Tuesday, August 12, 2014


They pulled you out between White’s Mill and Currier Street,
about a mile from the bridge where you parked. 

The river is warmer
than it was in March
when everyone was looking
and putting up signs 
and later on, looking
less, flooding to Facebook
to report what your mom
said, connecting the fallout
to fashion a lede. 

You were “Missing Athens Man.” 
Knives in the wood
after a knife-throwing act.
A stain of old pain
in the rearview reflection.
How come we hadn’t
learned our lesson? 

You left your keys in the ignition.

There was goodness there. In the swell.
Everyone shouldering hope and doubt 
on competing scales. 
It seemed the proof you were looking for:
if life has worth, people will fight for it;
if people fight, living is worth it.
It made sense, on its face.

You had a great smile. 
I could see your mother’s hope in it. 
You wore your hair long
and it made you look vulnerable.
You probably would have hated this, 
but “sweet” is the word that springs to mind.

This world is hard on gentle boys. 

And I keep trying to recall if the 
pizza delivery guy had long hair
or short, the week before Christmas
we got pizza at work. 

Why should I want to put you there? 
What could it possibly matter? 

Your mother said she’d come for you.
Just hang tighter.

Once the weather turned,
I ran the section of the bike path
that bends to the river
over and over and over again, 
pacing myself to its muted rhythm. 
Its crooked spine, infrequent people.
The birds were sharp—soft—both together,
all at once. The wind in the grass 
was a woman’s dress, a mouthful of milk
on a taut clothesline.

My son plays baseball on the fields nearby.

And you were a rustle
in the thirsty brush,
drawing my thoughts as my 
feet held the line 
because I saw the men huddled
along the bank—
sonar trawling, sirens off. 

The water flashing 
its teeth 
in the sun.

There and back,
I took the bridge,
culling the edges with my eyes,
reading the gaps between the lines,
seeing the eddies bubble and
froth, disturbed by the dead limbs,
big rocks, uprooted trunks. 

Trespassing on something 
that wasn’t mine.

Even now, not sure 
what I’m doing here.

But you see how absence becomes abyss
and you think God, how do they carry this?
I absorbed you. Not impulsively, not all at once,
but incrementally, with the herd. 
We swallowed you in desperate sips. 
You sank in, like tea, leaving leaves at the end.
An archetype with a face 
pulled from the caves.  
The lost son. Come back. 
Your brother has killed the fattened calf.
For you. Come back.
Won’t you hear?

And now 
I want to take your pictures 
down, so that she won’t have to. 

I want to hug my children tighter, 
preserving their shape in a better forever. 

We never learn.
It never makes sense. 
You needed more time. 
Pain is a bridge. 

The paper said 
you left a poem behind.  

It’s April now. Winter was hard. 

The lilac is late this year.


Stephen Parrish said...

This is one of your best.

Sometimes local papers print poems, especially if they're topical. If yours does, and if the incident isn't too long ago, consider submitting.

Sarah Hina said...

I do believe in this poem. It'll go in a chapbook, someday, at the very least.

Thanks, you.

the walking man said...

Sarah was this written from a portion of your reality? My nephew was all over this, in it, on it through it. Been 7 years now this month.

Sarah Hina said...

Mark, this one did feel outside of me, somehow. I wish your nephew were here instead of there.

Aniket Thakkar said...

This morning, I was going through reading and commenting on my backlog of your posts, but this one stopped me on my tracks.

"And now
I want to take your pictures
down, so that she won’t have to.

I want to hug my children tighter,
preserving their shape in a better forever. "

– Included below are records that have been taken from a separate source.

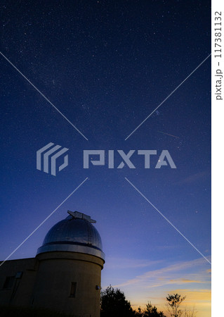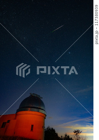 夜明け前の天文台と流星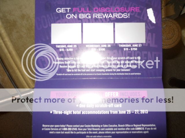 My stay this time around is for three nights. The promotion is called the Mystery Box, which on the post card sent to me announcing the promotion, there are three boxes covered in silver, very much like a scratch off lottery ticket. The box must be scratched off in front of the promotions person that day. Tuesday the box is worth $15 to $250; Wednesday’s box is $15 to $500 and Thursday’s box $15 to $750.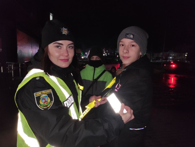 19 листопада інспектори ювенальної превенції розповідали дітям, як залишатись помітними у темну пори доби. Правоохоронці під час патрулювання роздавали юним жителям Борисполя світлоповертальні жилети та стрічки.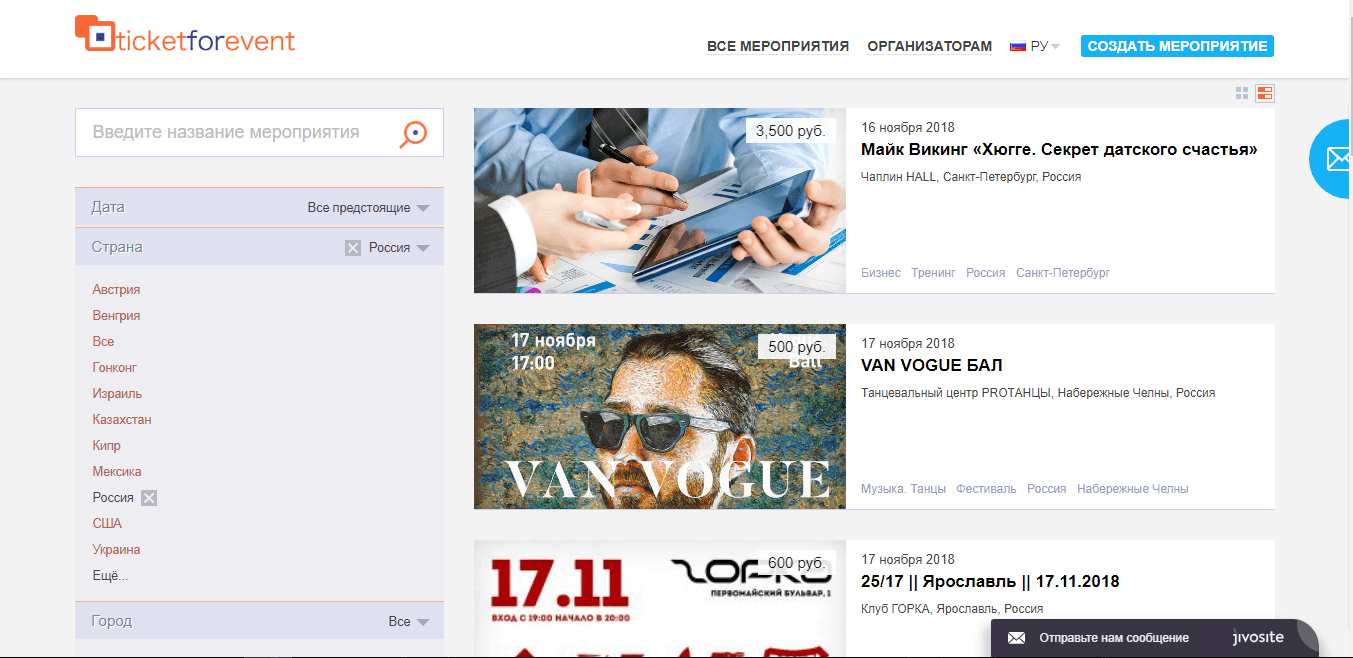 Платформа рассчитана на взаимодействие не только с небольшими организаторами, но также и с клиентами, занимающимися организацией крупных мероприятий развлекательного, обучающего, познавательного и прочих направлений.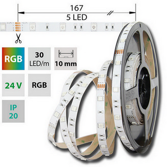 LED pásek SMD5050, RGB - barevný, 7,2W, 30LED, segment 167mm, 5LED/segment, IP20, DC 24V, životnost 35000h, šíře 10mm, bílý PCB pásek, max. délka pásku při jednostranném zapojení: 7m, opatřen samolepící páskou 3M.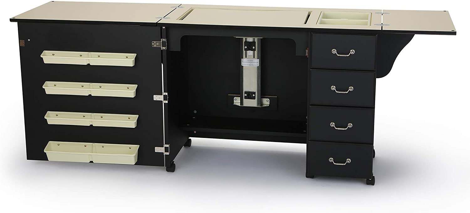 353 Norma Jean Sewing Cabinet for Sturdy Sewing, Cutting, Quilting, and Crafting with Storage and Airlift, Black Finish

It never occurred to me, what an ordeal it must be for someone to take down those pictures, having lost a loved one. Or to see one of those pictures hanging on some corner when they thought they were finally ready to go out in the world.

You sure know how to strum the strings that tie our emotions.

You've been on a roll lately. Seems like the perfect time to me, for you to finish that book.

Sarah Hina said...

Yeah, those pictures killed me. Especially after his body was found. I hope that friends of the family were the ones to take them down.

Finish the book? I'll need to be on more than a roll.

To quote from the Princess Bride: "It would take a miracle."

Wendy said...

I'm seeing this one late, but trying to catch up on what you've been writing here. This is one of my new favorites. Powerful and moving with just the right lyricism, not too much to take away from the visceral topic, but enough to sing. Fantastic piece.

Sarah Hina said...

Wendy, I might take this down soon and try to place it somewhere, but it was worth posting for your comment.

Thank you so much for taking the time. And...Wendy for Mayor!!